* ACTIVITY
In your copy, each line below is repeated exactly and no image appears.
[GIVEN MATERIAL Boundary: Start]
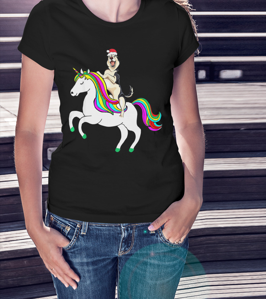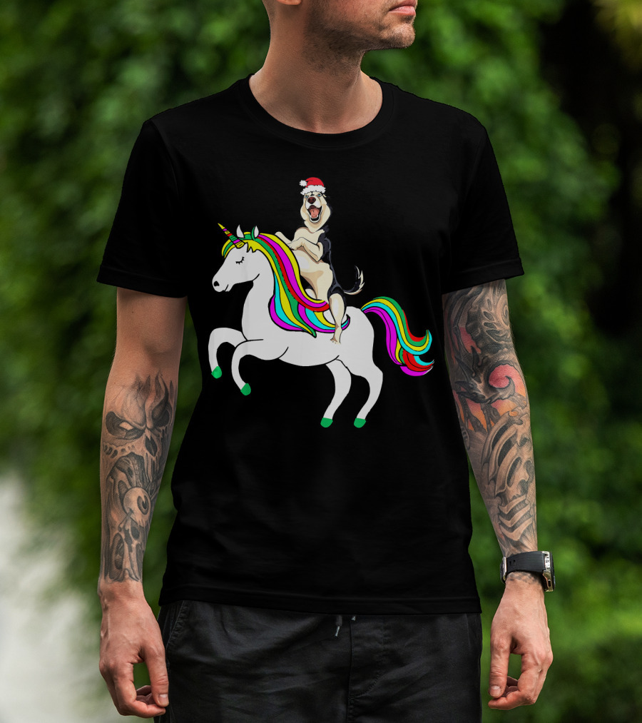 Pug Christmas Dog Riding Rainbow Unicorn T-Shirt
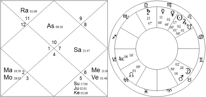 After examining the salient events in his life in light of dasas, bhuktis and transits, Iâve tentatively settled on a time of 15h54 (1 Sept 1896, Calcutta), which produces an ascendant of 06CP16. Although we can rarely make a chart account for an entire life, following are my arguments for a Capricorn ascendant.
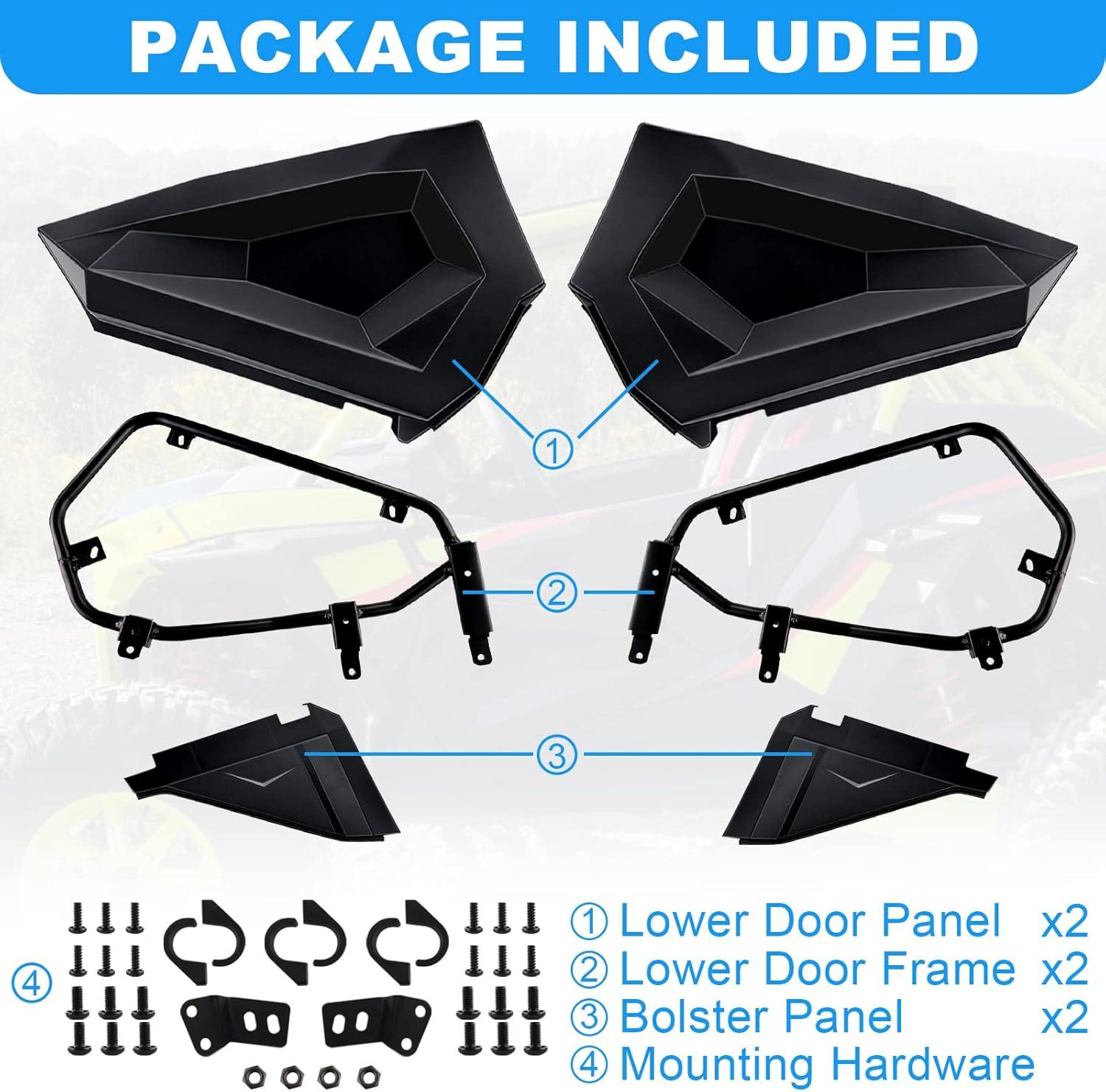 WHAT YOU GET: RZR 2 door set includes 2 front lower door panels with metal frame, 2 rear small triangles pieces near the bed, mounting hardware and instruction
[GIVEN MATERIAL Boundary: End]
* SOLUTION TO THIS PROBLEM
 Pug Christmas Dog Riding Rainbow Unicorn T-Shirt
 After examining the salient events in his life in light of dasas, bhuktis and transits, Iâve tentatively settled on a time of 15h54 (1 Sept 1896, Calcutta), which produces an ascendant of 06CP16. Although we can rarely make a chart account for an entire life, following are my arguments for a Capricorn ascendant.
 WHAT YOU GET: RZR 2 door set includes 2 front lower door panels with metal frame, 2 rear small triangles pieces near the bed, mounting hardware and instruction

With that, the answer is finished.